Our study showed that serum HGF is raised in the acute and subacute stages of acute myocardial infarction. Serum HGF in the early stage might reflect the extent of the infarct. Subsequent inflammation after the acute infarction could contribute to the rise in circulating HGF levels and enhanced HGF production by monocytes. We found that monocyte HGF levels were raised in patients with ventricular enlargement in the course of acute myocardial infarction. Thus increased HGF expression in the subacute phase of acute myocardial infarction could play an important role in ventricular remodelling through regeneration of endothelial cells, promoting angiogenesis and inhibition of apoptosis in the ischaemic myocardium.

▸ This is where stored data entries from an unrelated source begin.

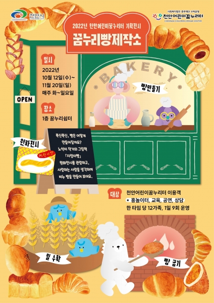 [Ytv영상스토리] 천안어린이꿈누리터(관장 조혜순)는 오는 9일부터 10일까지 열리는 ‘2022 빵빵데이 천안’ 축제 개최를 기념해 꿈누리터 이용자들을 대상으로 기획전시 ‘꿈누리빵제작소’를 10월 12일부터 11월 20일까지 진행한다.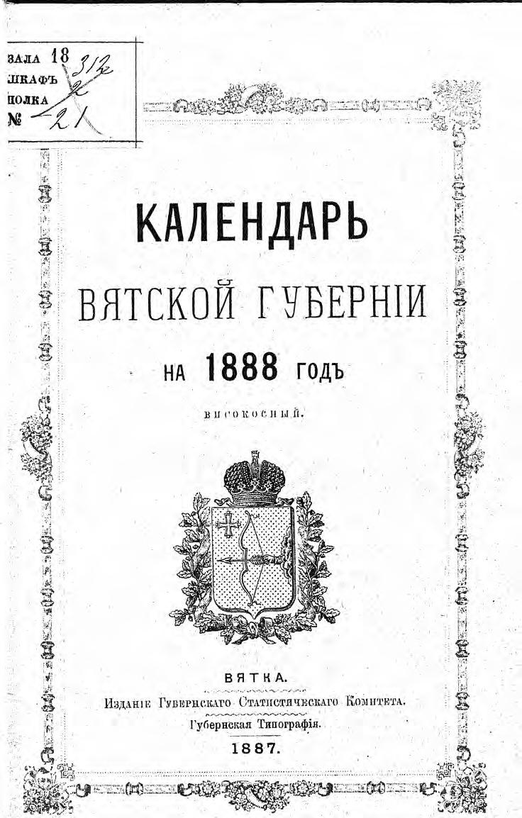 Календарь Вятской губернии на 1888 год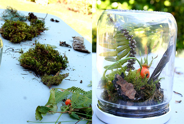 3. Miniaturowe terraria – propozycja dla młodego miłośnika natury. Potrzebujemy darów lasu, czyli np. odrobiny mchu, trawy, kwiatów, patyczków, owoców jarzębiny, szyszek czy drobnych kamyczków. Na wieku słoika tworzymy kompozycję. Pamiętajmy, by mech trochę zwilżyć.
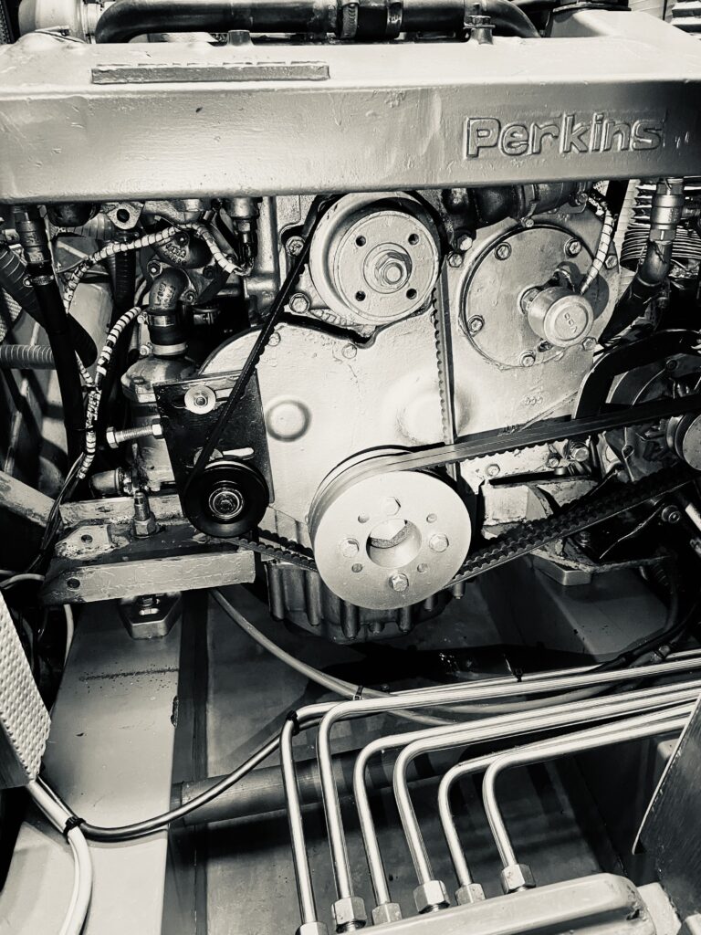 Still lots of work to do before we set course to Denmark or may be Norway or Sweden, but we’re getting there … some day. Last year we had the little fueltank cleaned (we’re not using the big one anymore), changed all the filters twice, flushed the engine with some special stuff to make things run even better. Changed the oil again after that. We changed the complete network of diesel hoses in the engine room, completed them with extra taps to be sure we can shut it all seperately off, including the Webasto and Dickinson heater. The two extra vent/bleed valves are great to get air out of the system if necessary.The engine strings are still ok. We’ve got everything in reserve. Tomorrow i’m going to replace the Separfilters again to be sure everything is still clean. The tank is full. Our Perkins (1977 – 4cil – 75HP) is running perfect and smoother than ever before. With only 7800 working hours the engine will probably keep running for at least another 47 years. Look at this beauty 🙂

We would like to thank Toshiko Kanbe for her excellent assistance.
An already large, and continually growing, family of peptide growth factors is implicated in a number of physiological and pathophysiological responses in the cardiovascular system. Among these is hepatocyte growth factor (HGF). This paper by Zhu and colleagues provides evidence that circulating HGF concentration correlates with the extent of myocardial injury in acute myocardial infarction which raises the possibility of HGF being a circulating marker with prognostic implications. Clearly, larger and more detailed time course studies are required to assess this potential. At present the cellular source of HGF in acute myocardial infarction remains unclear. Although the paper demonstrates that monocytes may elaborate HGF, there is evidence that tissues, including myocardium, liver, kidney and brain, may produce and release the peptide in response to ischaemia, along with other growth factors including insulin like growth factor and transforming growth factor β1. The biological functions of these growth factors in ischaemic and postischaemic myocardium remain uncertain. Growth factors such as HGF are known to exert a number of actions. The control of cell growth, proliferation, and apoptosis (programmed cell death) in healing and remodelling is likely to be only one important role. HGF, in common with several other peptide growth factors, is known to be cytoprotective in ischaemia reperfusion and its production may represent a fundamental endogenous cardioprotective response through activation of cell “survival” signalling pathways.